In fact, I just visited the British Museum and had to be hauled out for I wanted to spend the night there alongside the many centuries-old mummies occupying a prominent of the majestic building.
While most museums we might be accustomed to house historically important artefacts or information, a museum in Beijing stands out for a very different reason – for better or worse.
Beijing Museum of Lost Love (北京失恋博物馆)
While Beijing is home to a fair share of quirky things, ranging from unique gastronomic delights to activities, the Beijing Museum of Lost Love is a museum seeking to bring solace to the capital’s many brokenhearted individuals.
Since late 2015, the museum has amassed an uber-collection of unwanted love memorabilia ranging from love letters to photos, gifts, abandoned pillows of love and whatnot.
Gifts and photos once cherished, now scorned, embellish the walls of the museum painted in off-white, as if signifying the pallidness of what was once red-hot relationships.
Founded by Wang Ying and her partner
The museum is the brainchild of Beijing resident, Wang Ying, and her partner, who decided to exhibit their many failed relationships memorabilia in the two-level museum.
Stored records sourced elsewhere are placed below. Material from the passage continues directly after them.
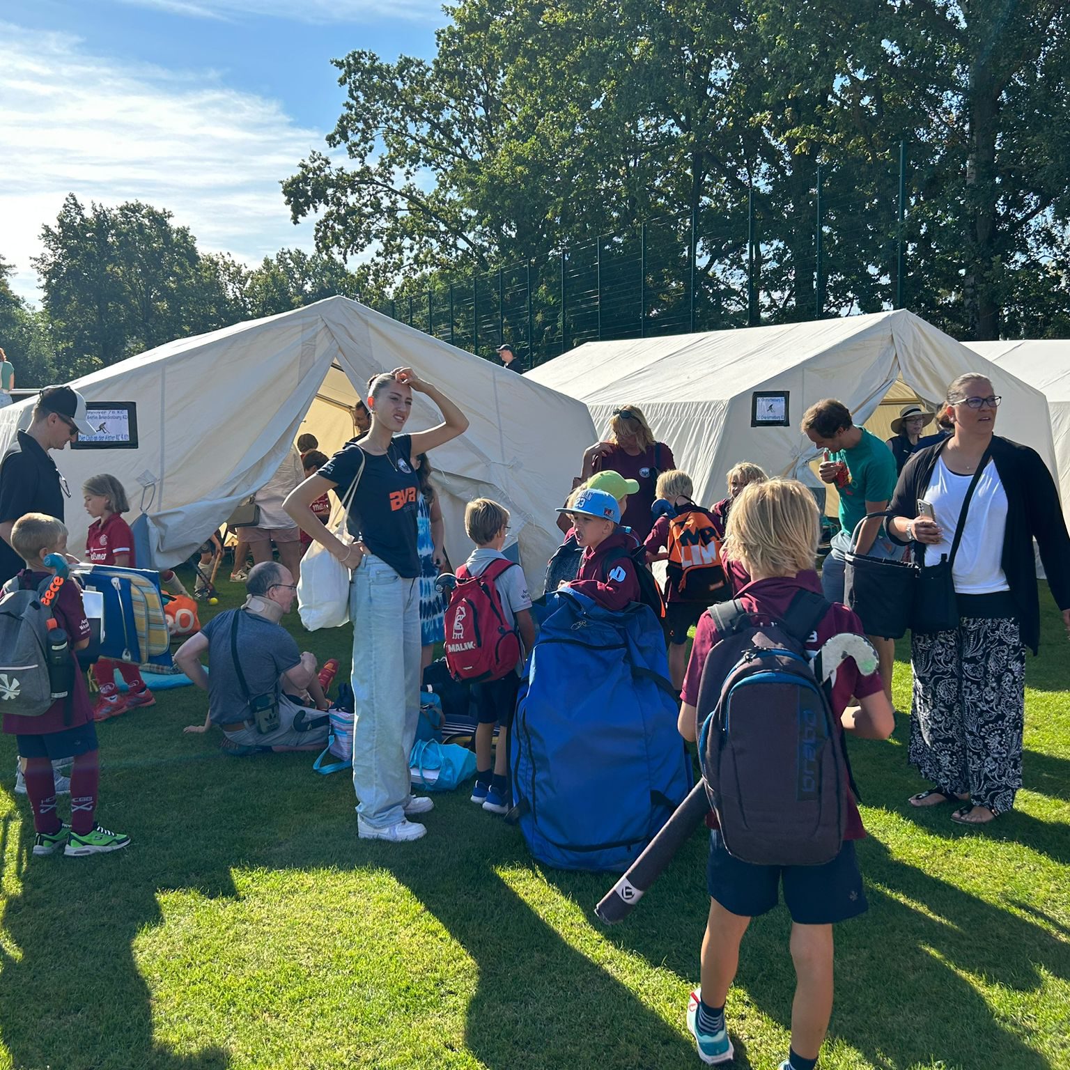 Wir waren am 09. und 10.09. mit der männlichen U8 beim Bärchen Cup. Dieses war unser erstes großes Turnier mit der neu formierten Mannschaft und alle waren sehr aufgeregt. Neben den Hockeyspielen waren viele Freizeitangebote aufgebaut. Wir hatten sogar ein Zelt, um uns vor der Hitze zu schützen.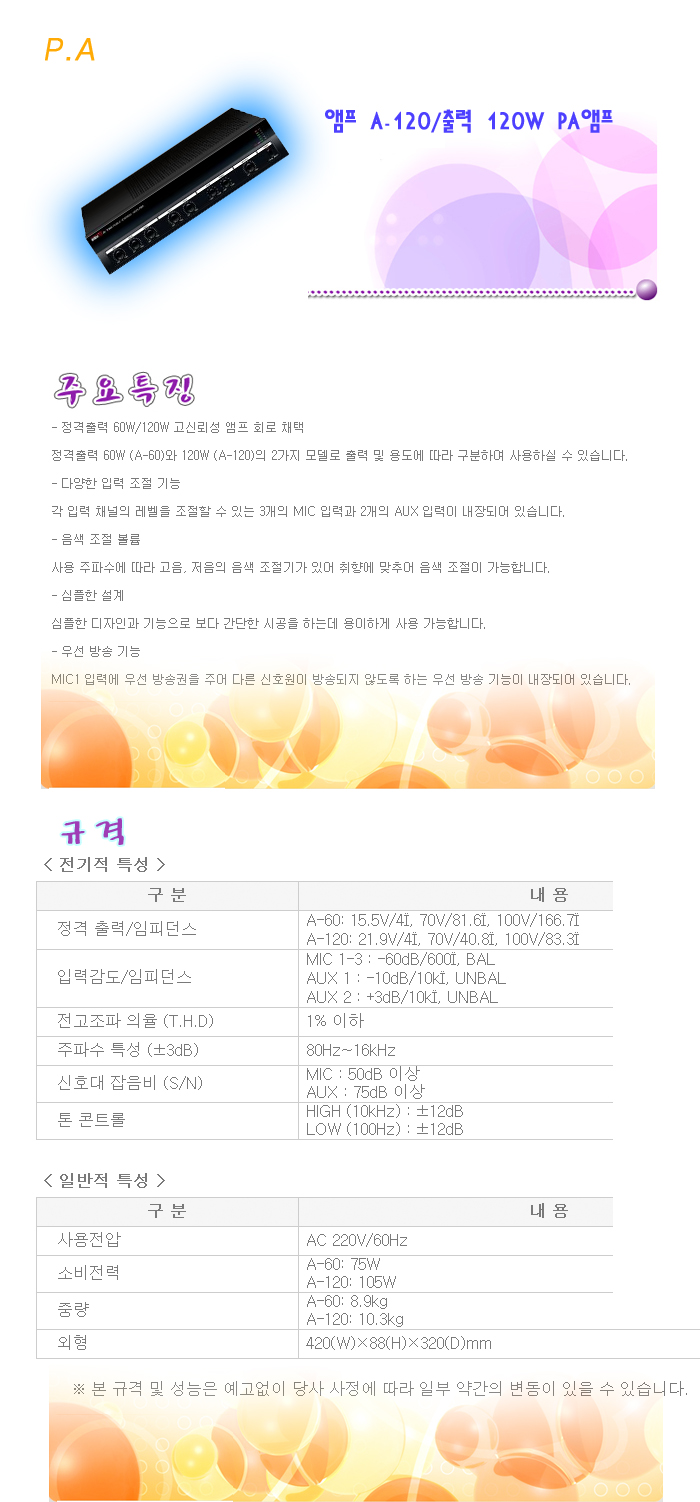[ÀÎÅÍ¿¥] P.A ¾ÚÇÁ A-120/Ãâ·Â 120W PA¾ÚÇÁ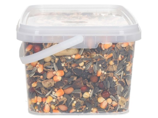 - Skład: kukurydza, nasiona słonecznika czarne, chleb świętojański suszony, sorgo czerwone, nasiona słonecznika paskowane, sorgo białe, owoc dzikiej róży, orzech ziemny, orzech laskowy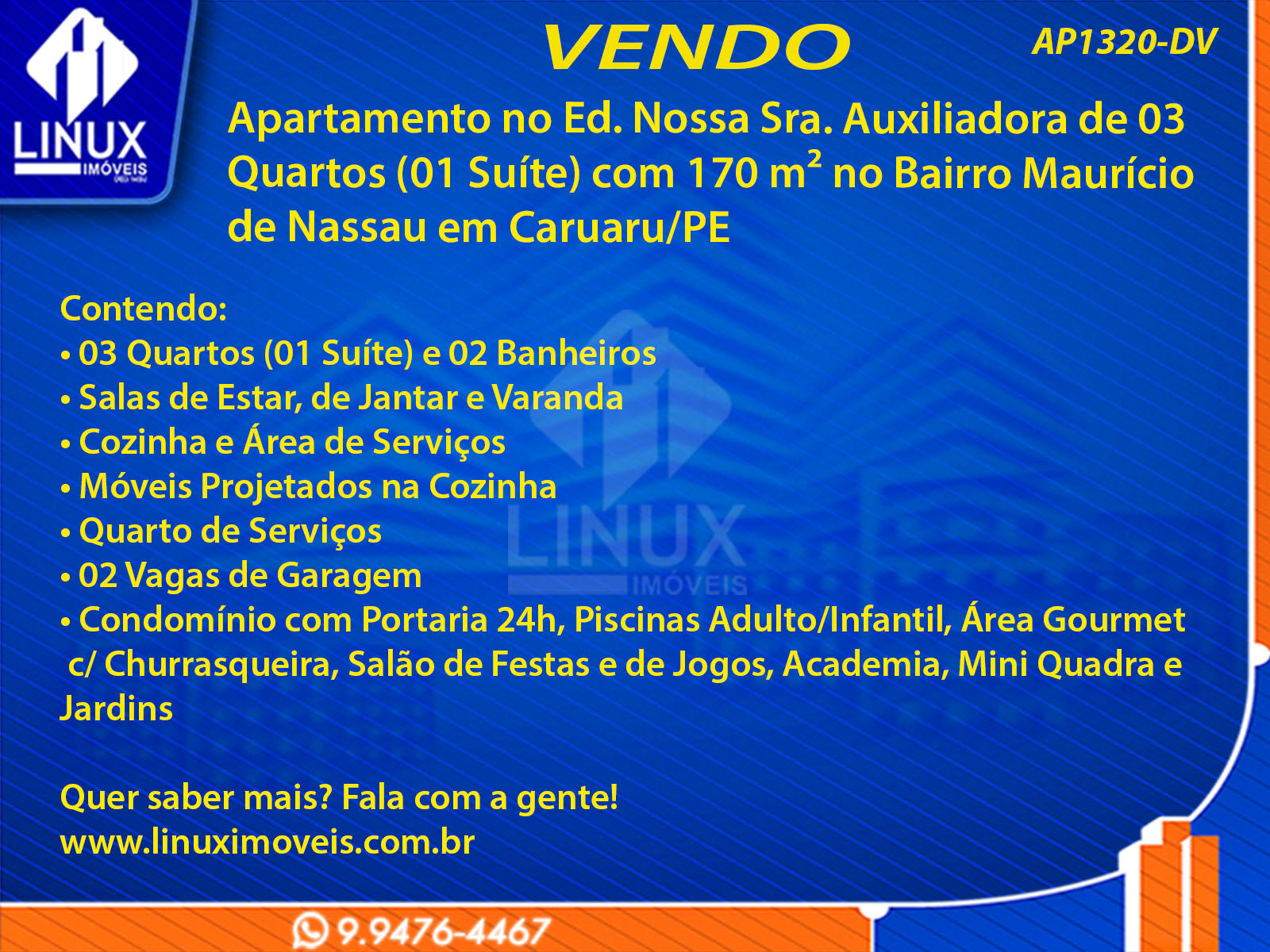 Apartamento no Ed. Nossa Sra. Auxiliadora em Caruaru/PE à Venda (AP1320-DV)
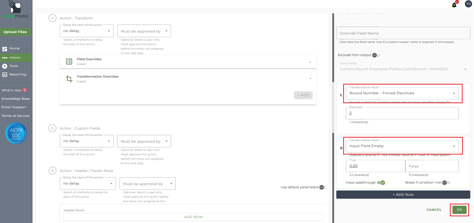 Next, click the ADD RULE button and select the Round Number - Forced Decimals rule and enter a 2 into the Decimals field. Then click the ADD RULE button again and select Input Field Empty. In the True field, enter in 0.00 and toggle the Input Passthrough switch ON. Then click OK.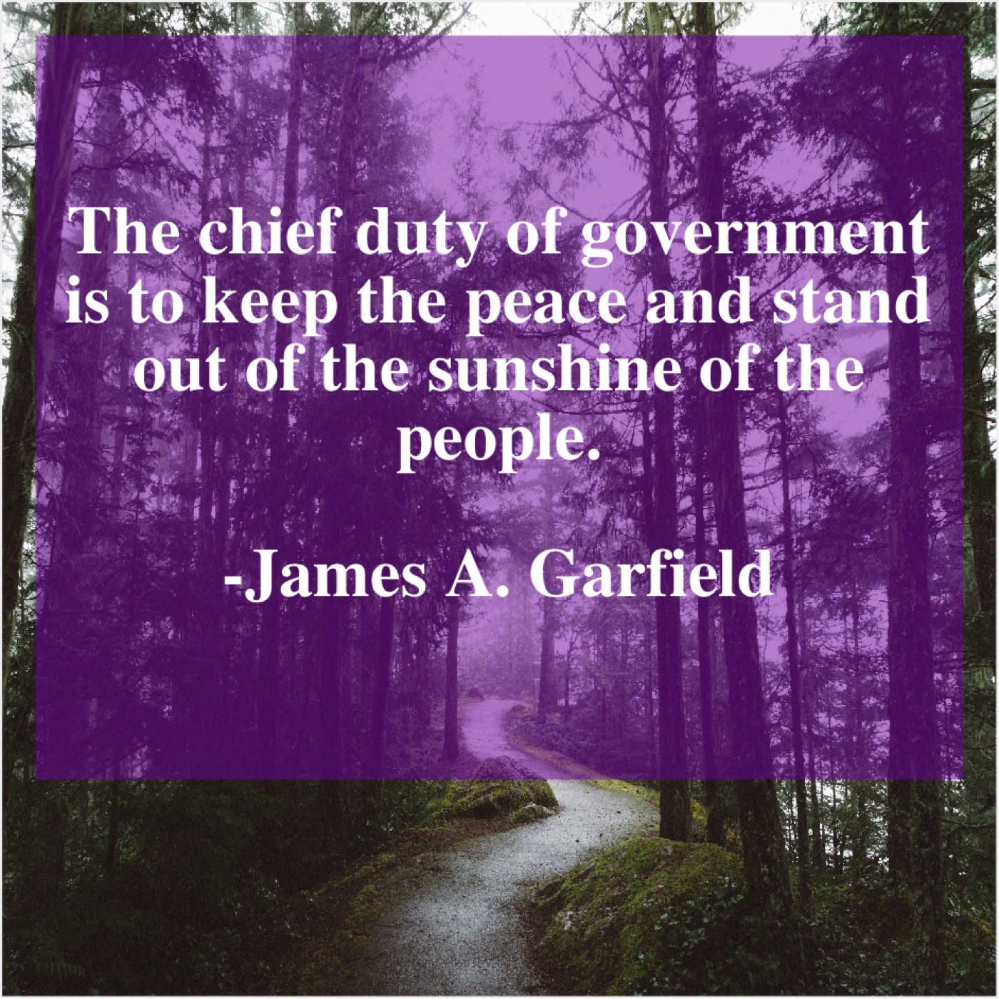 James A. Garfield James A. Garfield – The chief duty of government… September 2, 2019 admin “The chief duty of government is to keep the peace and stand out of the sunshine of the people.”-James A. Garfield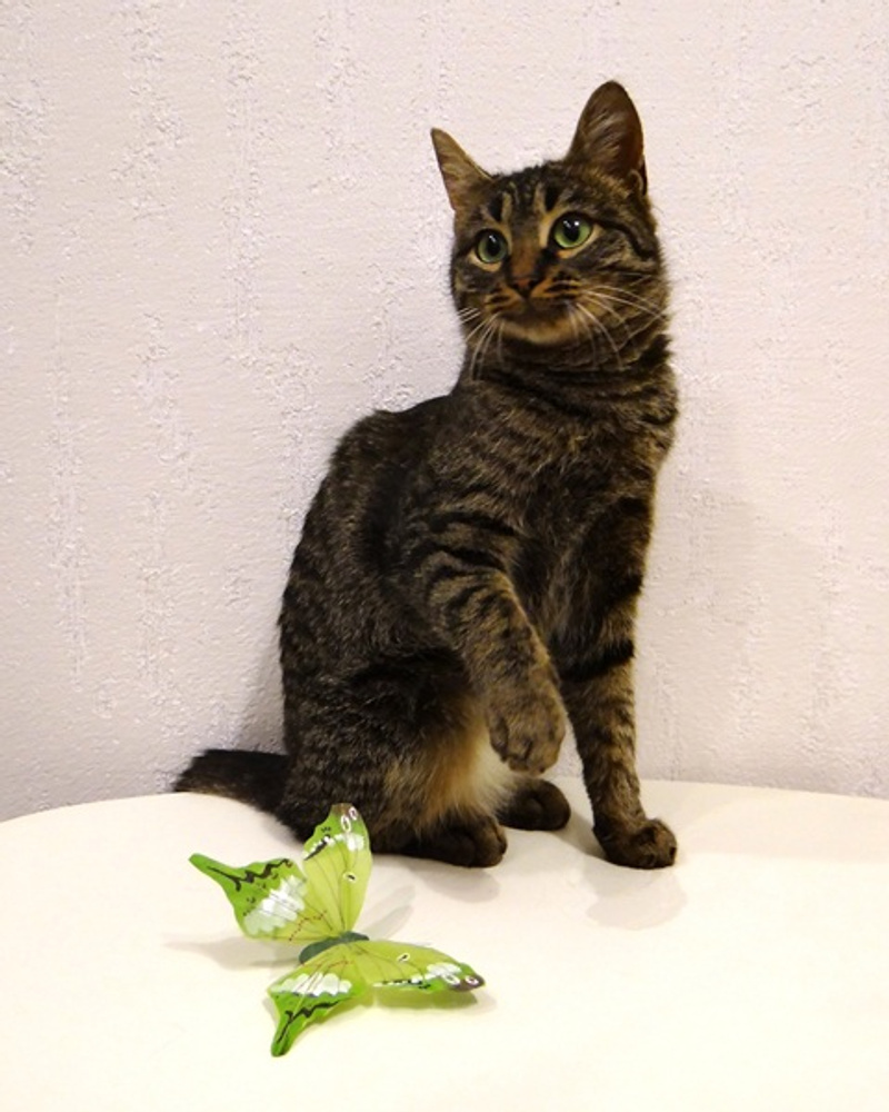 Она представительница вида обычных домашних кошек. Имеет замечательный мурчащий и ласковый характер.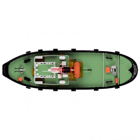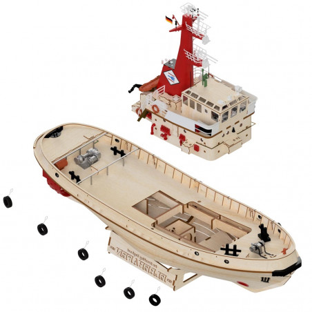 Este kit es un proyecto ideal para los entusiastas que desean construir un barco radiocomandado para armar inspirado en los remolcadores rompehielos utilizados en los puertos del Mar del Norte.

Wang Ying’s very own collection is well-accompanied by more than 100 other love stories which incidentally features more than 100 ways to break up, in part unique and in part, dissimilar from the others.
Perhaps like the many different but oh-so-same shades of gray.
This “Beijing’s biggest artist community” also houses artefacts of love from other failed couples.
This isn’t the only Lovelorn Museum in the World
This Beijing Museum of Lost Love isn’t the first of its kind in the world.
It was first seen in Zagreb, capital of Croatia, and was awarded the title of Europe’s most innovative museum in 2011.
Museum of Broken Relationships in Zagreb
In 2016, a more aesthetically- updated version of the museum opened up in Los Angeles.
There is also one in Shanghai, not too distant from Beijing.
A distance that may have once spelt the death-knell for a couple holding onto their LDR between two of China’s biggest cities.
The following video purportedly shows the interior of Shanghai’s building.
Handwritten notes of love or scorn can be seen.
Some visitors, no doubt turned from heart breakers to being heartbroken, give their thoughts as well.
While marriage should indeed stand for better or for worst in my opinion, let’s just say I’ll settle for my normal milk tea over any of the funkier new choices.